18日オープンした新横浜ラーメン博物館の新店「名島亭」。
築炉釜出しとんこつラーメン750円。1987年創業の老舗。2008年のテレビ番組「九州ラーメン総選挙」で1位になったことがある。またクッキングパパの第一巻に登場している。

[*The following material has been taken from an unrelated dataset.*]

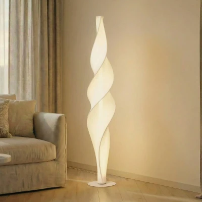 Lamp MastersThe Novelle spiral LED floor lamp in white The Novelle floor lamp is a stylish highlight for any home, as its unique shape and appearance immediately catch the eye. It is made of malleable, elastic plastic material that resembles fabric. With this light, designer Ingo Thiele has created a timeless piece that impresses with both its aesthetics and functionality. The brightness and light colour can be conveniently adjusted using the foot switch on the cable. - Integrated dimmer (press and hold the foot switch for a long time = dimming function, press briefly for CCT and on/off) - Infinitely dimmable from 15 - 100% - Light colour adjustable in three stages: 2,700 K / 3,400 K / 4,000 K

店主の城戸さんは修業先の「長浜一番」で店長をしていた頃、一風堂・河原さんが店に入り、先輩後輩として共に切磋琢磨していたという。独立して店を構えたが、試行錯誤の末にたどり着いたのがスープ釜を空にせず、継ぎ足していく「呼び戻し」方式。久留米ではこの手法が多いが、城戸さんは伝説の店「丸八」(今は閉店)で教わったようだ。なので、味わいとしては「博多+久留米」でもある。その頃から使っているのが五右衛門釜=築炉釜。築炉釜(ちくろがま)というのは鋳鉄製の羽釜のこと。下処理に手間と時間をかけ、じっくり煮込む割りには豚骨臭は控えめ。
名島亭の一番の特徴は店主の城戸さんであろう。「ラーメンは豚ガラ・鶏ガラ・人柄」と言われるが、その「人柄」がよく出た店である。私も全国のラーメン店を回ったが、笑顔が印象的でぶらりと入った一見さんに気軽に話しかけてきたのは、この「名島亭」と「みんず」(門司)である。昨年の東京ラーメンショーにも出店、城戸さんは店頭に立ってできるだけ沢山の人に話しかけていた。話が長引いてラーメンの提供が遅くなってしまうこともあったほど。それも重要な“調味料”だから運営側としても見過ごすしかなかった(笑)。
さて、今回のラーメン。レセプションに来た多くの人がブログなどで書いているが、正直、まだ少し浅い感じ。でも環境変われば味変わる、と言われるほどラーメンは生き物。私は昔の本店、リニューアル後の本店、東京ラーメンショーで日にちを変えて二回、そして今回と食べているが、それぞれ印象が違う。それはブレではなく、名島亭は名島亭、城戸さんは城戸さんなのだ。ラーメンは少し塩分高めで豚骨度は浅かったかも知れないが、今回も間違いなく元気をもらえた!城戸さんは、月内一杯くらいはいるようだ。ラーメン以外にはおでんと餃子もお勧め。